■ AVAILABLE RECORDS
--- --- ---

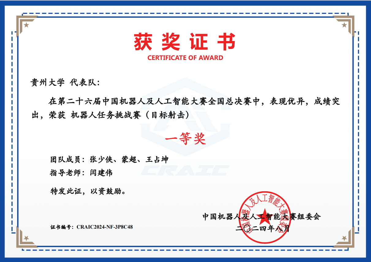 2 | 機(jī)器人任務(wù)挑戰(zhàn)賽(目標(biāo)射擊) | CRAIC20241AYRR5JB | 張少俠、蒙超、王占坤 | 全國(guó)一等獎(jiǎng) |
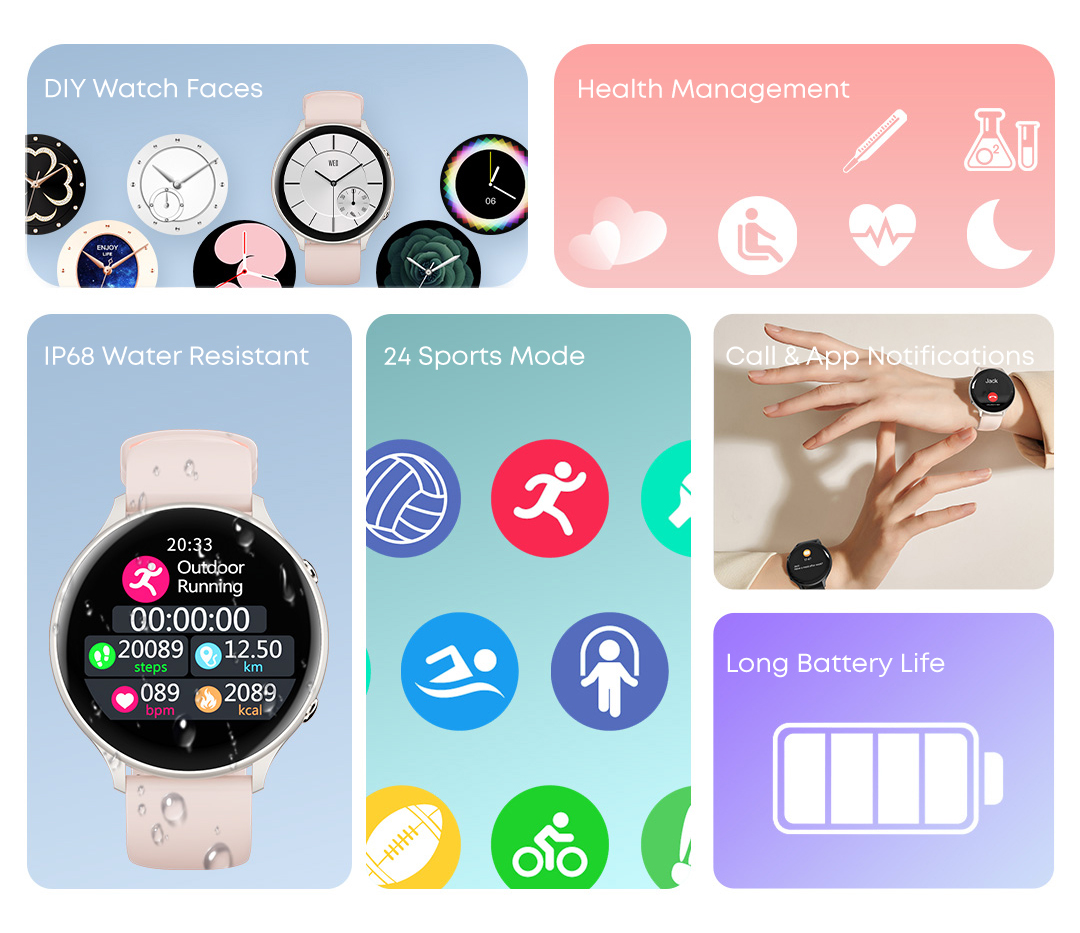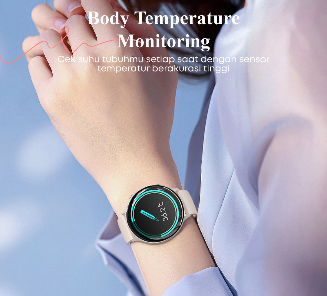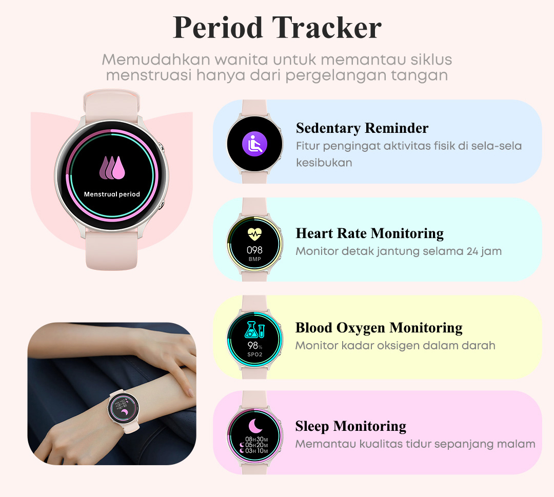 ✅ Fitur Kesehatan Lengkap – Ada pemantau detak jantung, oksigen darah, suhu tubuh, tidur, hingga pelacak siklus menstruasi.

--- --- ---

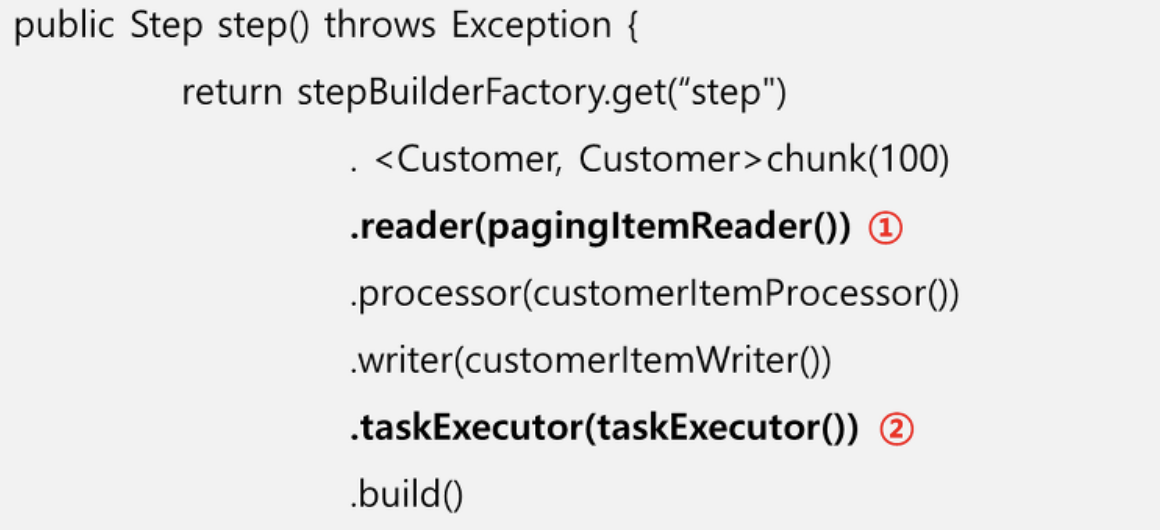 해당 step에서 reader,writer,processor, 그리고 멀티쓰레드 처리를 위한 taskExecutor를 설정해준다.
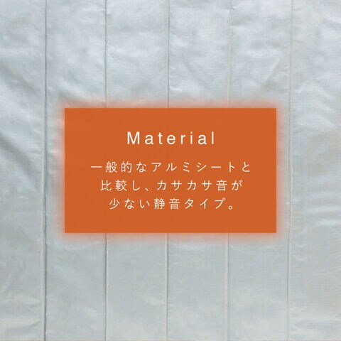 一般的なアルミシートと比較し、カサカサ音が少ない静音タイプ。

--- --- ---

■ REQUIRED ACTION
Look above for the line with "2 | 機(jī)器人任務(wù)挑戰(zhàn)賽(目標(biāo)射擊)"; quote it and every line after it, stopping after the line with "pelacak siklus menstruasi.", exactly, with nothing added and without pictures.

■ RESPONSE
 2 | 機(jī)器人任務(wù)挑戰(zhàn)賽(目標(biāo)射擊) | CRAIC20241AYRR5JB | 張少俠、蒙超、王占坤 | 全國(guó)一等獎(jiǎng) |
 ✅ Fitur Kesehatan Lengkap – Ada pemantau detak jantung, oksigen darah, suhu tubuh, tidur, hingga pelacak siklus menstruasi.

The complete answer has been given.